В тот день Юра сидел вместе с Лизой на скамейке в аллее, отгороженной от дороги высокой чугунной решеткой и густыми кустами сирени. Они решали трудную задачу. Со стороны слободки раздались одиночные выстрелы, им ответила короткая пулеметная очередь. Юра прислушался. К выстрелам он привык в последние месяцы, но пулемет… Вдруг кусты раздвинулись, и между ними просунулась голова мужчины. Опасливо посмотрев вправо и влево, человек перебежал дорожку и, тяжело дыша, присел на их скамейку. В левой руке он держал винтовку.
— Эскадронцев не видел? — тяжело дыша, спросил он.

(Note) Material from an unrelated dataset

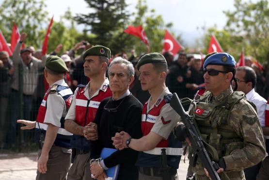 ÖZTÜRK VE DİĞER DARBECİLERİN MAHKEMEYE GİRİŞİNDE URGANLI PROTESTO

Юра узнал это широкое, добродушное лицо с усиками. Этот матрос в ревкоме на вопрос Юры, будут ли давать оружие записавшимся в охрану, сказал председателю: «Посмотри, с кем разговариваешь». Уже потом Юра узнал, что это дядя Степана, матрос с маяка на мысе Меганом, член Судакского ревкома. Это он вместе с Трофимом Денисовичем отнял винчестер у Юры, когда тот взялся дежурить вместо Макса, пьянствующего в кофейне. Поэтому Юра не чувствовал к нему особой симпатии.
— Не видел, — ответил Юра.
— А что случилось? — спросила Лиза.
Матрос испытующе посмотрел на них и, видимо, узнал Юру.
— Хана, братик! — Он положил тяжелую руку на Юрино плечо. — Банда курултаевцев ворвалась в Судак, разгромила ревком. Наших убивают. В моей винтовке остался последний патрон. У тебя нет?
— Нет!
— Где бы мне сховаться на час-другой так, чтобы не нашли? А потом за подмогой побегу.
— У нас! — предложил Юра и показал на видневшуюся за деревьями крышу их дачи.
— Не, близко от дороги. Шукать там будут. Где бы понадежнее?
Юра с мольбой посмотрел на Лизу и сказал:
— Джемма!..
— Можно у нас!.. Только чтобы мама, Вася и Осман не увидели.
— Скорее, милая! На графской даче надежно. Тут каждая минута дорога. Капсель голый — не спустишься, а до Георгия лучше ночью добраться. Виноградниками пройду, а там по ущелью.
— Спрячем в «сховище»! — предложил Юра.
На крыльце никого не было, и они побежали с матросом через виноградники. Матросу с большим трудом удалось уместиться в «сховище» — пришлось подтянуть колени к подбородку и сидеть скрючившись.
Лиза, оставшаяся на страже в винограднике, тихо позвала:
— Юра!
Он поспешно отскочил от «сховища» и неторопливо подошел к ней.
— Опять секретничаете? — раздался с террасы голос Васи. — Я маме скажу!
Послышался конский топот. И два кавалериста въехали через калитку на дорожку, ведущую к дому.
— Эй, мальчик! — крикнул один, с винтовкой на луке седла. — Тут большевик не пробегал?
— Не знаю…
— Идите в виноградник, — донесся откуда-то голос Османа. — Он в ту сторону бежал. Я видел.
Лиза с ужасом посмотрела на Юру. Тот мотнул головой — «не смотри так».
Они вышли на тропинку.
— Лиза, ты никуда не уходила? — крикнул Осман. — Ты должна была видеть. Скажи!
— Лиза и Юра в винограднике секретничали, — объявил Вася.
Оба курултаевца спешились и с винтовками наперевес вбежали в виноградник. Осторожно раздвигая кусты стволами винтовок, они пошли вдоль рядов винограда.
— Кого вы ищете? — спросил Юра.
— Большевика-матроса, ревкомовца.
— Такой большой, в бушлате? — спросил Юра.
— А говорил, не знаю!
— Вы спрашивали — большевик, а это матрос.
— Ты видел его? — закричал Осман. — Где?
— Видел, — сказал Юра. — Он выскочил из кустов сирени и побежал по винограднику, а потом свернул на Капсель.
— Через ущелье?
— Наверно…
Курултаевцы вскочили на лошадей и помчались в конец виноградника.
— А я поеду в Судак. Теперь там конец большевикам! — объявил Осман и ушел на черный двор.
Юра и Лиза незаметно переглянулись. Он кивнул головой, приглашая ее идти за собой, и медленно пошел к веранде.